### [PROBLEM]
Your copy of the listing must be exact and must hold no images.

### [SOURCE DATA]
+ + +

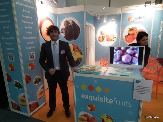 Kiko Torres, gerente de Exquisite Fruits en su stand, promocionando las frutas y verduras de Valencia.
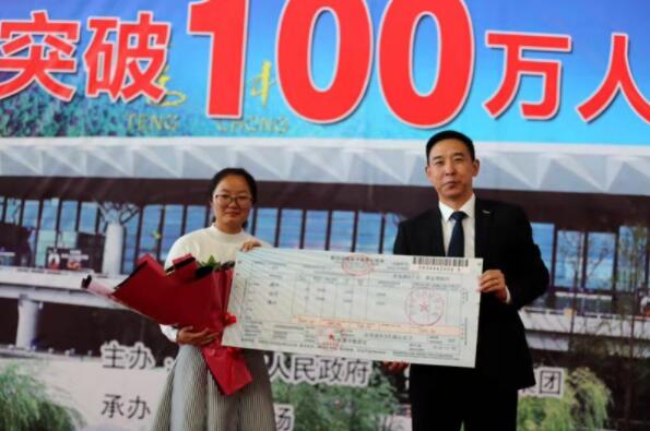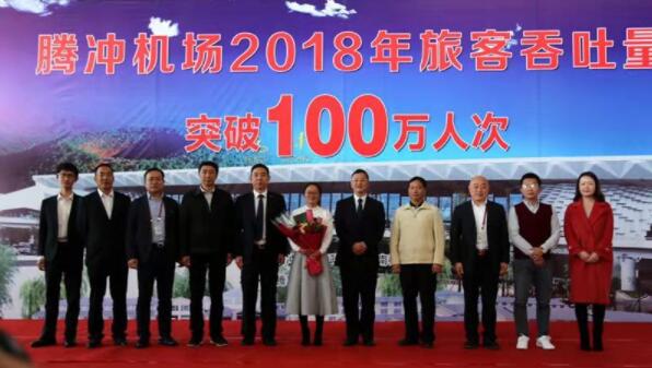 15時整,騰沖機場在T2航站樓舉行了年旅客吞吐量突破100萬人次紀念活動。趙歡旅客在得知自己成為第100萬名幸運旅客信息後,提前到機場辦理了乘機手續,並參加活動。雲南機場集團和騰沖市政府領導向趙歡旅客贈送鮮花、免費機票、飛機模型等紀念品,及熱海養生閣溫泉酒店免費住宿一晚。
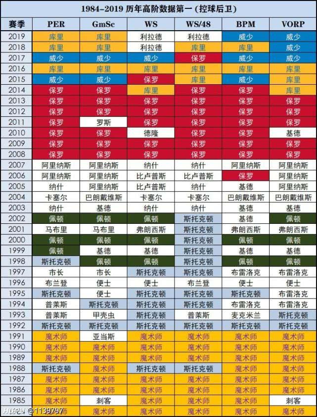 他们二者是两个不同时代的联盟第一控卫,怎么评价联盟第一控卫呢,全明星首发控卫与最佳第一阵容的控卫的位置可以说明一部分问题,从2009年到2014年(2010年除外),保罗一直是西部首发的控卫,在2008与2011-14年,保罗也是最佳第一阵容控卫的位置。而库里更不用说了,自2015年后全明星一直都是西部首发的位置,第一阵容也进了三次。高阶数据往往更能客观地反应事实,下面这张图很好地诠释了两个控卫在两个不同时代的统治力。因此我们可以得出结论:保罗在2015年前是联盟第一控卫,2015年至今这个位置是库里的。
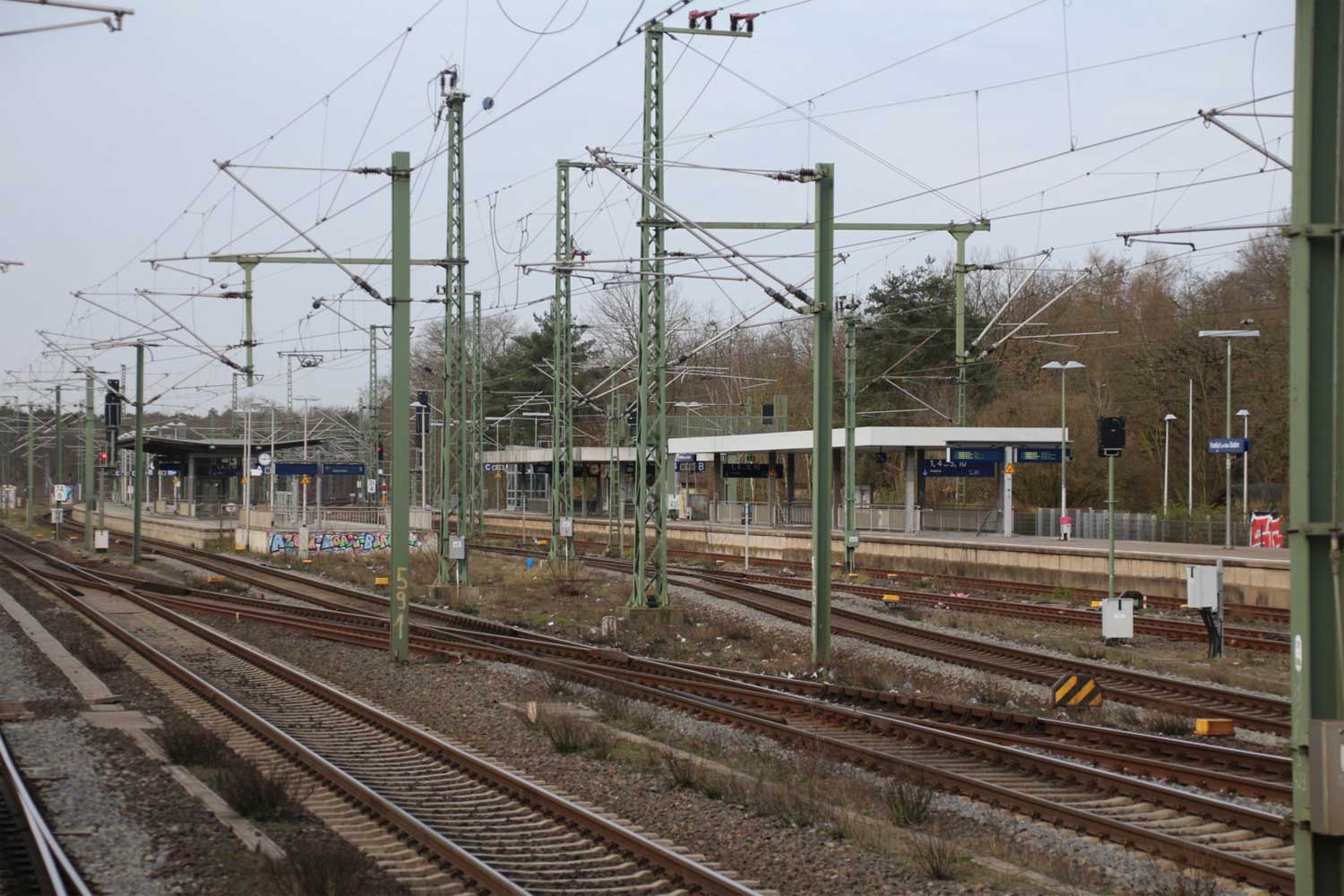 | ► | km 7,78 der abgehenden Strecke (Mainz Hbf 0,0) - Darmstadt Hbf 33,38 (kommend von Mainz Hbf)/34,54 (kommend von Mainz Hbf Gegengleis)/33,96 (gehend nach Aschaffenburg) - Aschaffenburg Hbf 77,718 mit Zweigstrecke von Abzw. Stockschneise 29,68 nach östlich Darmstadt-Kranichstein 35,78 (=41,30 der Hauptstrecke) mit weiterlaufender Kilometrierung (Streckenverzweigung mit gemeinsamen Nullpunkt Mainz Hbf) | |
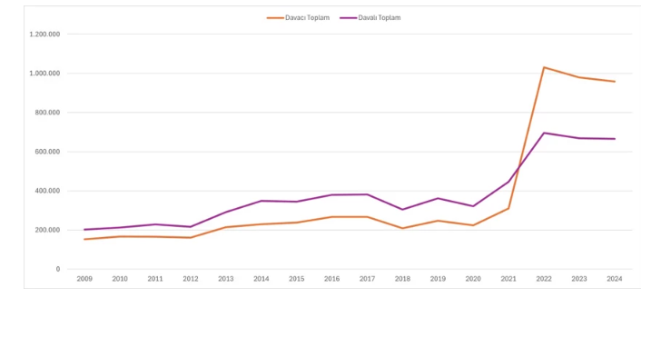2009 yılında açılan alacak savası sayısı 140 bin 252 olurken, 2024 yılında bu sayı 653 bin 789 çıkarak 15 yılda yüzde 366 oranında artış gösteriyor.

+ + +

### [WRITTEN ANSWER]
 Kiko Torres, gerente de Exquisite Fruits en su stand, promocionando las frutas y verduras de Valencia.
 15時整,騰沖機場在T2航站樓舉行了年旅客吞吐量突破100萬人次紀念活動。趙歡旅客在得知自己成為第100萬名幸運旅客信息後,提前到機場辦理了乘機手續,並參加活動。雲南機場集團和騰沖市政府領導向趙歡旅客贈送鮮花、免費機票、飛機模型等紀念品,及熱海養生閣溫泉酒店免費住宿一晚。
 他们二者是两个不同时代的联盟第一控卫,怎么评价联盟第一控卫呢,全明星首发控卫与最佳第一阵容的控卫的位置可以说明一部分问题,从2009年到2014年(2010年除外),保罗一直是西部首发的控卫,在2008与2011-14年,保罗也是最佳第一阵容控卫的位置。而库里更不用说了,自2015年后全明星一直都是西部首发的位置,第一阵容也进了三次。高阶数据往往更能客观地反应事实,下面这张图很好地诠释了两个控卫在两个不同时代的统治力。因此我们可以得出结论:保罗在2015年前是联盟第一控卫,2015年至今这个位置是库里的。
 | ► | km 7,78 der abgehenden Strecke (Mainz Hbf 0,0) - Darmstadt Hbf 33,38 (kommend von Mainz Hbf)/34,54 (kommend von Mainz Hbf Gegengleis)/33,96 (gehend nach Aschaffenburg) - Aschaffenburg Hbf 77,718 mit Zweigstrecke von Abzw. Stockschneise 29,68 nach östlich Darmstadt-Kranichstein 35,78 (=41,30 der Hauptstrecke) mit weiterlaufender Kilometrierung (Streckenverzweigung mit gemeinsamen Nullpunkt Mainz Hbf) | |
2009 yılında açılan alacak savası sayısı 140 bin 252 olurken, 2024 yılında bu sayı 653 bin 789 çıkarak 15 yılda yüzde 366 oranında artış gösteriyor.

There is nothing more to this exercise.